_Task details_. Your copy should begin with the line containing "之后我们就该出末世了,这个装", end with the line containing "Разъемное кольцо на", match the listing below exactly, and contain no pictures.

_Source information_.
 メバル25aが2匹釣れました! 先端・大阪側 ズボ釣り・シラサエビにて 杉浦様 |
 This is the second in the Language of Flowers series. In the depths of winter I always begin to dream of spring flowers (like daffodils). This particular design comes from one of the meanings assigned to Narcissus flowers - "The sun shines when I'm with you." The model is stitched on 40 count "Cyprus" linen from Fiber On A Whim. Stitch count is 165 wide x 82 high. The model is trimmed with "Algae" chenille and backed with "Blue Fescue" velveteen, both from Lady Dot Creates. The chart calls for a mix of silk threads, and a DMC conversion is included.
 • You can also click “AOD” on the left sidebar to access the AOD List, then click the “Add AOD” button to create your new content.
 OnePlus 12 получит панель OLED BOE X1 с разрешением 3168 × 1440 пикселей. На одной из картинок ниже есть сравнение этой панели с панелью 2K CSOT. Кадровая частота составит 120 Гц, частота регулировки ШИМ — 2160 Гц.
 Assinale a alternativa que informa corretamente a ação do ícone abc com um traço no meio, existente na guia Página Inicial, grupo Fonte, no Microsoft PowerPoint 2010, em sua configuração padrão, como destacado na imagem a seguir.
==
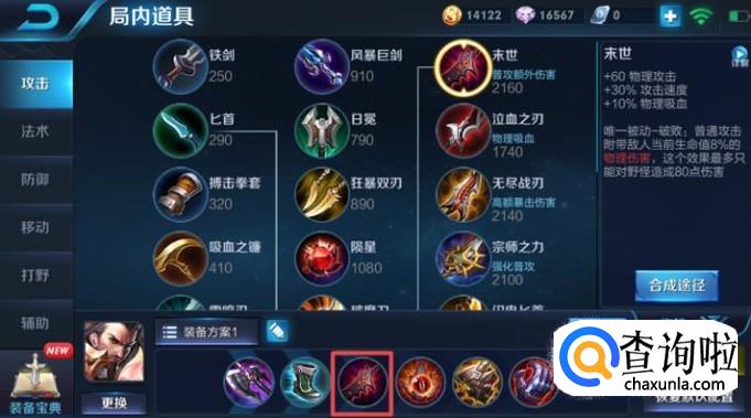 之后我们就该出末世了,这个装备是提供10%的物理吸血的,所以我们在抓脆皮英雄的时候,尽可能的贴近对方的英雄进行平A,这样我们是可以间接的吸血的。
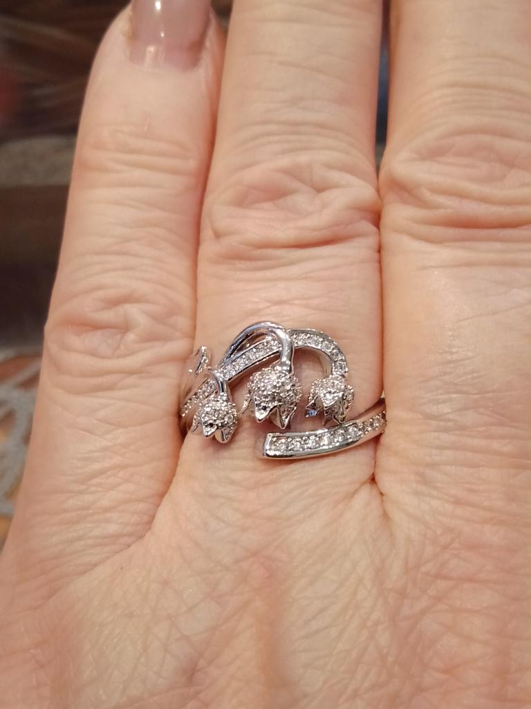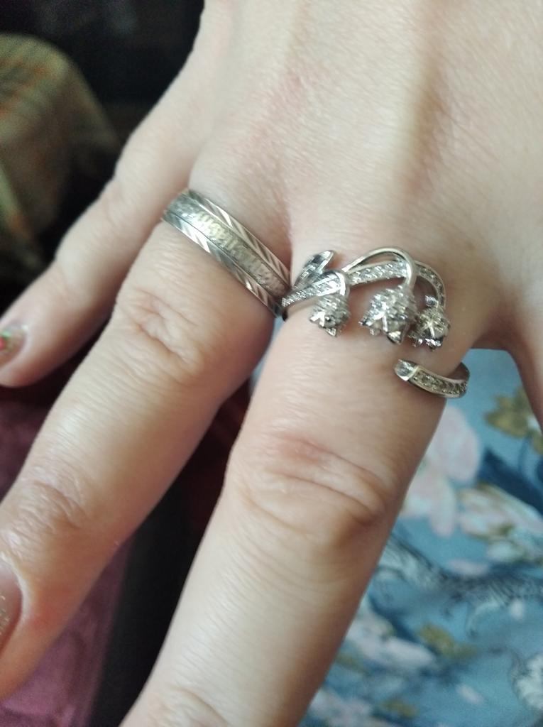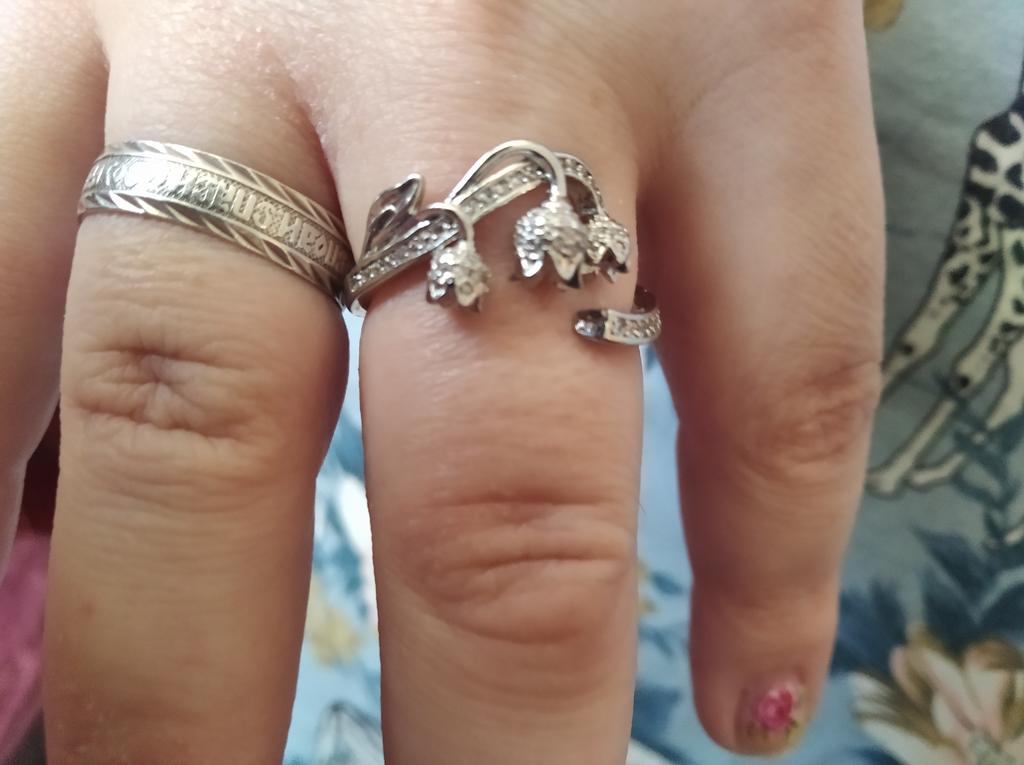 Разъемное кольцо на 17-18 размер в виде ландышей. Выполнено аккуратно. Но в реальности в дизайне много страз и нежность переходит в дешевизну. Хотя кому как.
==
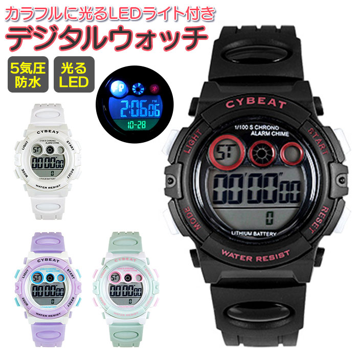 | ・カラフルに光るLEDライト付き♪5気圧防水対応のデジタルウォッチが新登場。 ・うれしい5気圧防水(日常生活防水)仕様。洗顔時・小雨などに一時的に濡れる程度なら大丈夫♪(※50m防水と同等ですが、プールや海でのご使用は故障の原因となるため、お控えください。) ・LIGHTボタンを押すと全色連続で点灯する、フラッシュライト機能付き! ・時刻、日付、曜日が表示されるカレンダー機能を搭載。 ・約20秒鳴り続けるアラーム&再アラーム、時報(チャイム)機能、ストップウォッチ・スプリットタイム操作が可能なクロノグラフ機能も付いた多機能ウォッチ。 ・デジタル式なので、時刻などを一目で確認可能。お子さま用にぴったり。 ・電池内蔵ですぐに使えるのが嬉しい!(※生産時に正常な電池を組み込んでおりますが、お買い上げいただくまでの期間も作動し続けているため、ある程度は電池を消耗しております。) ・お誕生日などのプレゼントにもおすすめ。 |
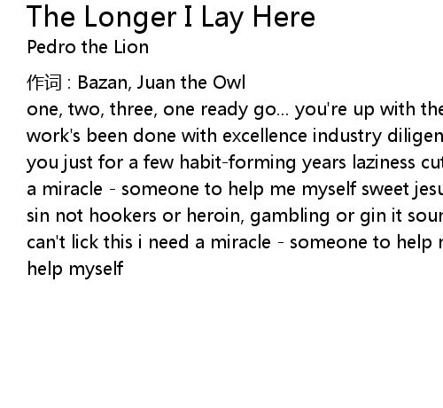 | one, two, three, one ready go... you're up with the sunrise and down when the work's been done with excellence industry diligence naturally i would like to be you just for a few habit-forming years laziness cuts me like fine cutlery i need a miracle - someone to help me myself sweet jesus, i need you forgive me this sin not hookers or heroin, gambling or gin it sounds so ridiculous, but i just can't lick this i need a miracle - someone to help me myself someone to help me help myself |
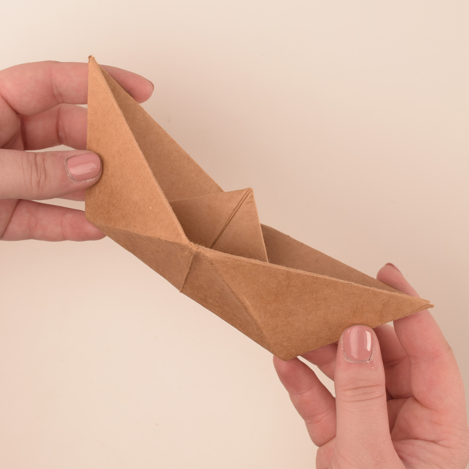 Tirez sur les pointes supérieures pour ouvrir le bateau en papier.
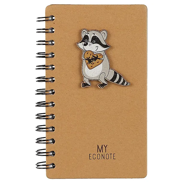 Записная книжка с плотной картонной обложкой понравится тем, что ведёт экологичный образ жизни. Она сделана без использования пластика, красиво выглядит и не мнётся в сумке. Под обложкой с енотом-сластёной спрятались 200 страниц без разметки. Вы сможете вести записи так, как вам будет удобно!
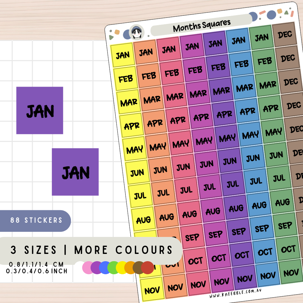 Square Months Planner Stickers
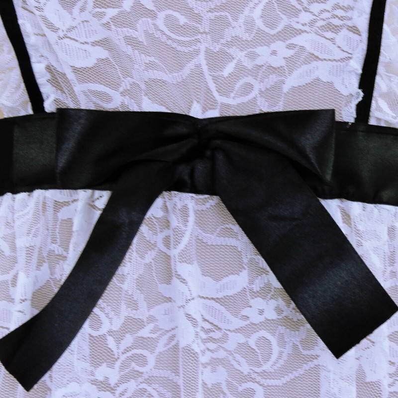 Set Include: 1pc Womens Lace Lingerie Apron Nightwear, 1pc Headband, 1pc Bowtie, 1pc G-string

_Response for this exercise_.
 之后我们就该出末世了,这个装备是提供10%的物理吸血的,所以我们在抓脆皮英雄的时候,尽可能的贴近对方的英雄进行平A,这样我们是可以间接的吸血的。
 Разъемное кольцо на 17-18 размер в виде ландышей. Выполнено аккуратно. Но в реальности в дизайне много страз и нежность переходит в дешевизну. Хотя кому как.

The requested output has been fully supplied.